There are certainly a plethora of optimization techniques not even touched on in this article. I know that Google and Yahoo are very keen on these subjects and it's worth taking a look at the source of some of their pages for ideas. Last I checked, they could care less about validation, though. But with the bandwidth they must utilize saving a few bytes here and there can mean significant dollar differences at the end of the month and what truly matters is whether or not the browser renders the page correctly.
Re:Pipelining (Score:2, Informative)
Pipeling means "multiple requests can be sent before any responses are received. "
Re:Erm.. huh? (Score:4, Informative)
1 - keepalive/pipelining connections means only 1 dns lookup is performed, often cached on your local machine means this delay is minimal.
2 - the dns lookup can be happening for the second host while connections to the first host are still downloading, rather than stopping everything while the second host is looked up. This hides the latency of the second lookup.
3 - most browsers limit the number of connections to each server to 2. If you're loading loads of images, this means you can only be loading two at once (or one while the rest of the page is still downloading). If you put images on a different host, you can get extra connections to it. Also, cookies will usually stop an object from taking advantage of proxies/caches. Putting images on a different host is an easy to way make sure they're not cookied.
Re:HTTP/1.1 Design (Score:3, Informative)
3. SHOULD This word, or the adjective "RECOMMENDED", mean that there may exist valid reasons in particular circumstances to ignore a particular item, but the full implications must be understood and carefully weighed before choosing a different course. 4. SHOULD NOT This phrase, or the phrase "NOT RECOMMENDED" mean that there may exist valid reasons in particular circumstances when the particular behavior is acceptable or even useful, but the full implications should be understood and the case carefully weighed before implementing any behavior described with this label. They don't say DO NOT or MUST NOT. Like they say, the behavior can is useful... and they could see this would be the case IN 1997!

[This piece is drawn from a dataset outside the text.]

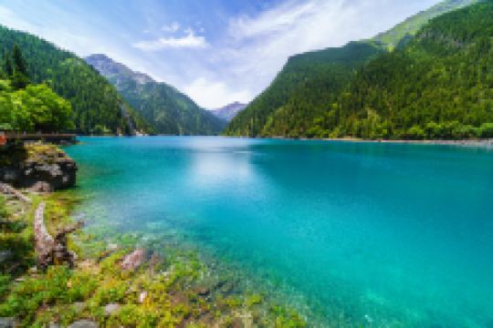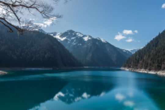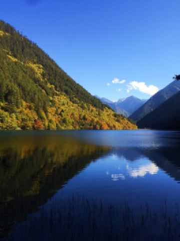 长海是九寨沟风景区长的一个海子,长达四公里多,呈墨蓝色,“S”形分布。海旁林木茂密,一眼望去,巍巍雪峰,还有典型的冰川景观,都沐浴在蓝天白云之中,壮观奇丽。长海海拔在3000米以上,是沟内海拔高的海。长海四周没有出水口,水源来自于高山融雪。奇怪的是,长海从不干涸,也不溢堤,因此藏民称之为“装不满,漏不干”的宝葫芦。长海呈墨蓝色,四周山峦叠翠,对面的群峰,一到初秋便披上了白色的盔甲,中间一座冰峰寒光逼人。隆冬时节,长海冰层厚达60厘米,载重汽车亦可在其上开行。长海也可算是九寨沟风景区所有海子的母亲,因为长海没有出水口,只能依靠蒸发和地下暗河把水排出,而这些地下河道正是其它海子水源的重要补给。
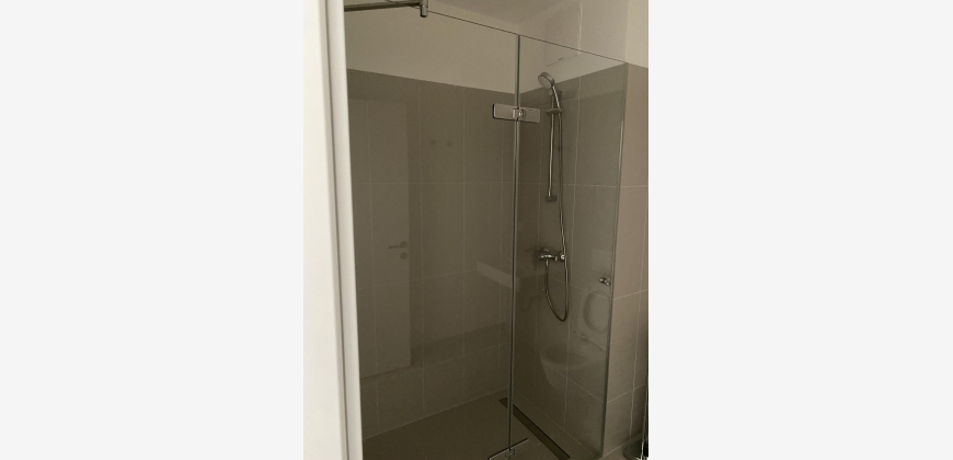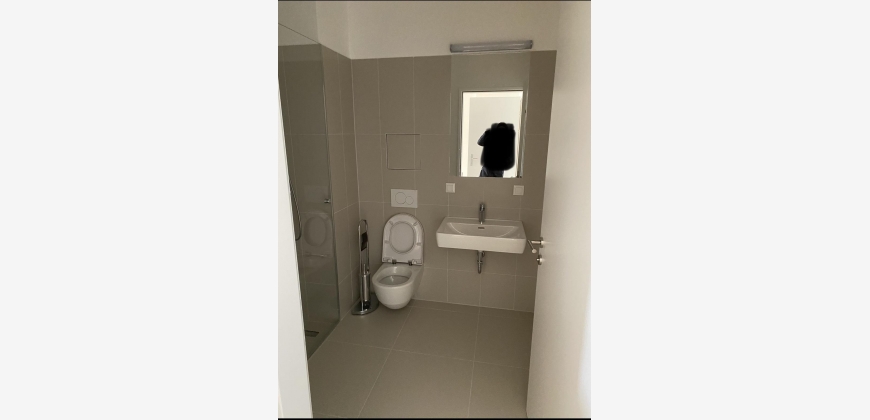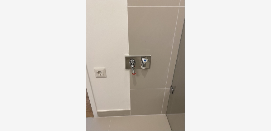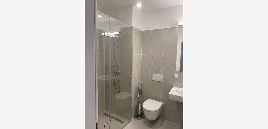 Das moderne Badezimmer hat eine bodentiefe Dusche, WC und einen Waschmaschinenanschluss

It is time we updated things. It's particularly funny that Microsoft found this RFC, of all things, to obey.
Re:Pipelining (Score:4, Informative)
Keep-alive no:
Open connection
-Request
-Response
Close Connection
Open connection
-Request
-Response
Close Connection
-Repeat-
Keep-alive yes:
Open connection
-Request
-Response
-Request
-Response
-Repeat-
Close Connection
Pipe-lining yes:
Open connection
-Request
-Request
-Repeat-
-Response
-Response
-Repeat-
Close Connection
Re:Connection Limits (Score:3, Informative)
If you have a second webserver for all static data, that can be a simpeler http deamon with 1 Mb/connection or less. You can handle more parallel connactions (and Akamai the setup if needed!)
Yes, it's best to avoid inline images, Google text ad objects, etc. But allowing parallel loading of the objects (and that's the trick with using several separate hosts for images) you can take 8 or 16 roundtrips at the same time; here is your perceived speedup.
Re:Pipelining (Score:3, Informative)
Pipelining sends requests out without having to wait for the previous to complete (this does also require a Content-length: header. This is fine for static files, such as images, but many scripts where output is sent straight to the browser as it's being generated will break this, as it won't know the content length until generated has completed).
Some reasons (Score:3, Informative)
Some reasons against pipelining [mozillazine.org].